(Beginning of Data extracts)

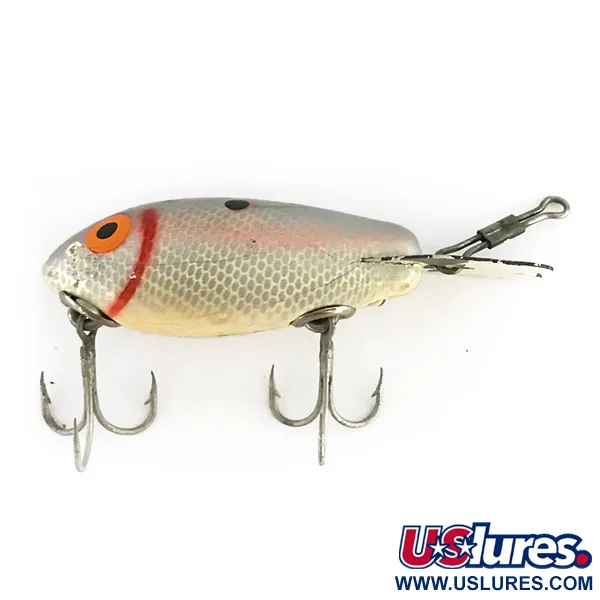 Tonos plateados y blancos cubren el cuerpo de madera de este señuelo clásico, que representa la era de fabricación entre 1949 y 1970. Con un peso de 10 g (1/3 oz), el Bomber 200 series fue diseñado para una profundidad de inmersión de hasta 2 m (6,5 ft) para alcanzar depredadores activos como el lucio, el aspio y la perca. El acabado muestra un intrincado patrón de escamas de malla, acentuado por una distintiva marca roja en las agallas, un único punto negro en el hombro y grandes ojos naranjas con pupilas negras. Una calificación de estado de 3/5 captura la historia auténtica del modelo, con ligeros signos de uso y pequeñas pérdidas de pintura visibles principalmente en las secciones del morro y la cola. Dos anzuelos triples están sujetos a la parte inferior de este ejemplar fabricado en EE. UU., identificado con el código de producto 8502. El babero metálico montado en la parte trasera permanece firmemente sujeto, siendo una característica técnica definitoria de este modelo flotante vintage.
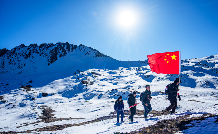 50歲的普布羅布單手舉著五星紅旗,走在隊伍最前面。索朗多吉不時用望遠(yuǎn)鏡看向更遠(yuǎn)處的雪線。“有沒有人越過邊境,裸露的石頭上有沒有他國的標(biāo)識物……這些都是巡邊要注意的事?!彼f。
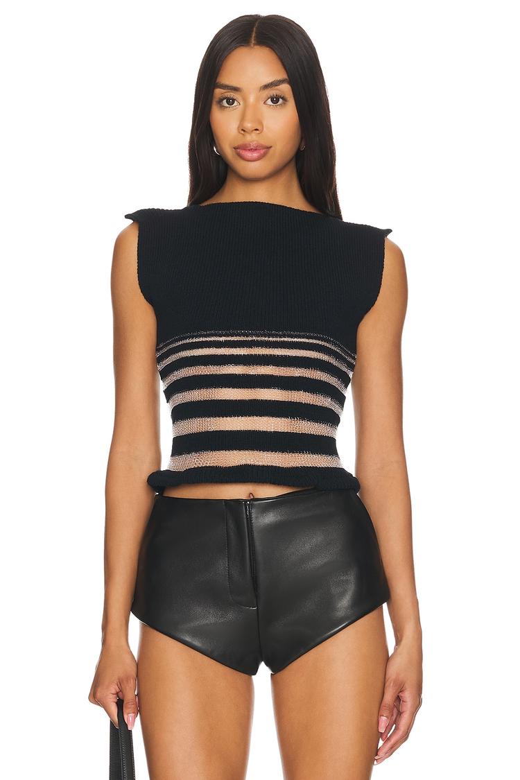 black and sheer stripe top
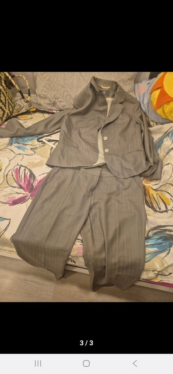 Gri renkte, düğmeli, normal boy midi uzunluğunda, regular fit kadın takımı. Notch yaka ve uzun kollu, iş ortamına uygun sentetik kumaştan. (düşük bel)
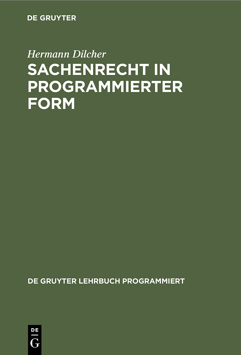 Dieser Titel, "Sachenrecht in programmierter Form", ist eine wissenschaftliche Publikation, erschienen bei De Gruyter Brill. Ausführliche Beschreibung, Inhaltsverzeichnis und weitere Angaben finden Sie auf der Verlagswebsite: https://www.degruyterbrill.com/isb...
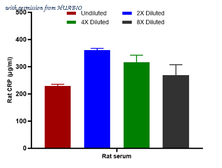Interpolated concentrations of native CRP in rat serum samples. Capture: HA725049, Rat CRP Rabbit mAb [PSH12-79] Detector: HA725050, Rat CRP Rabbit mAb [PSH12-80] The concentrations of CRP were measured in duplicates, interpolated from the CRP standard curve and corrected for sample dilution. Undiluted samples are rat serum 0.0031%. The interpolated dilution factor corrected values are plotted (mean +/- SD, n=2). The mean CRP concentration was determined to be 294 µg/ml in rat serum.
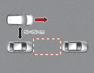 Pomaly jazdite dopredu a pri zaparkovaných vozidlách udržujte vzdialenosť približne 50 ~ 150 cm (19,6 ~ 59,0 palcov). Ak nie je v dosahu, funkcia nemusí byť schopná vyhľadať parkovacie miesto.
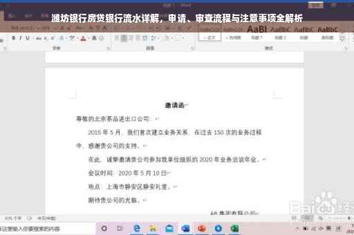 本文旨在为您提供关于潍坊银行房贷银行流水的全面信息,包括申请流程、审查要点、申请攻略及注意事项等,希望能为申请人提供有益的参考和帮助,确保顺利获得贷款。
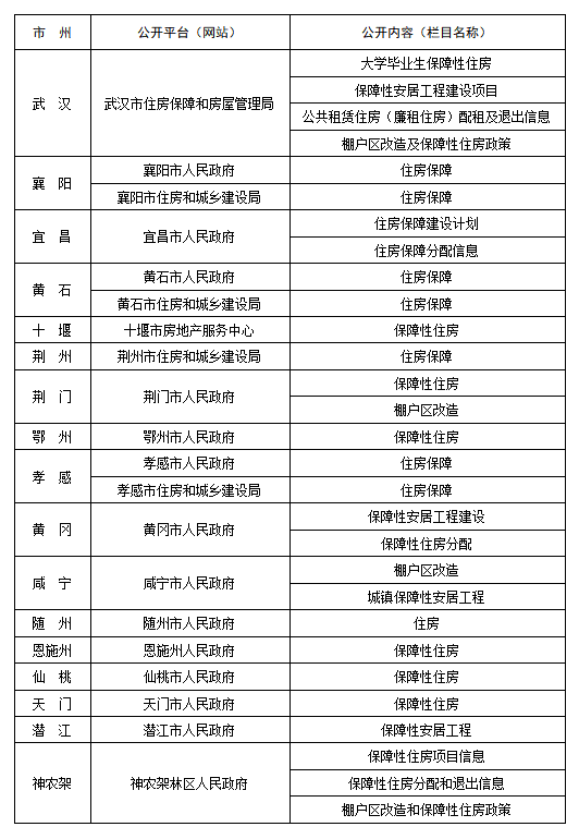 备注:各市、州、直管市、神农架林区保障性安居工程项目建设和保障性住房分配等方面信息由各地政府及部门网站公开。
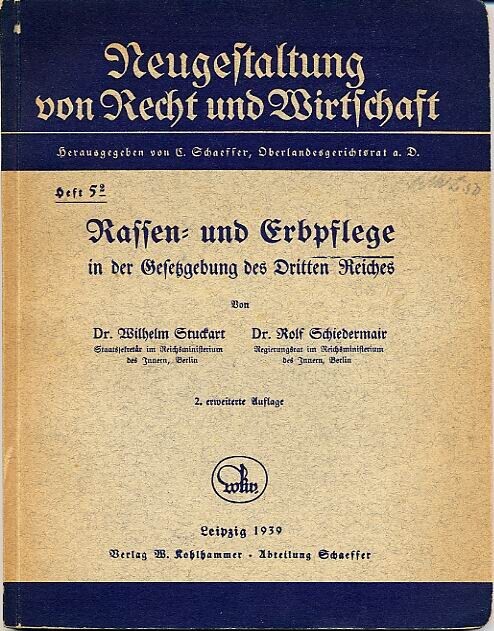 Duits boek in gotische letter gedrukt over de Duitse rassenwetgeving. Het boek omvat 124 pagina's. Met banderol.

(End of Data extracts)

* [Exercise instructions]
Restate word for word, and only, the lines from the line that contains "Pomaly jazdite dopredu" through the end of the data, both included; pictures are not part of the copy.

* [Expected output]
 Pomaly jazdite dopredu a pri zaparkovaných vozidlách udržujte vzdialenosť približne 50 ~ 150 cm (19,6 ~ 59,0 palcov). Ak nie je v dosahu, funkcia nemusí byť schopná vyhľadať parkovacie miesto.
 本文旨在为您提供关于潍坊银行房贷银行流水的全面信息,包括申请流程、审查要点、申请攻略及注意事项等,希望能为申请人提供有益的参考和帮助,确保顺利获得贷款。
 备注:各市、州、直管市、神农架林区保障性安居工程项目建设和保障性住房分配等方面信息由各地政府及部门网站公开。
 Duits boek in gotische letter gedrukt over de Duitse rassenwetgeving. Het boek omvat 124 pagina's. Met banderol.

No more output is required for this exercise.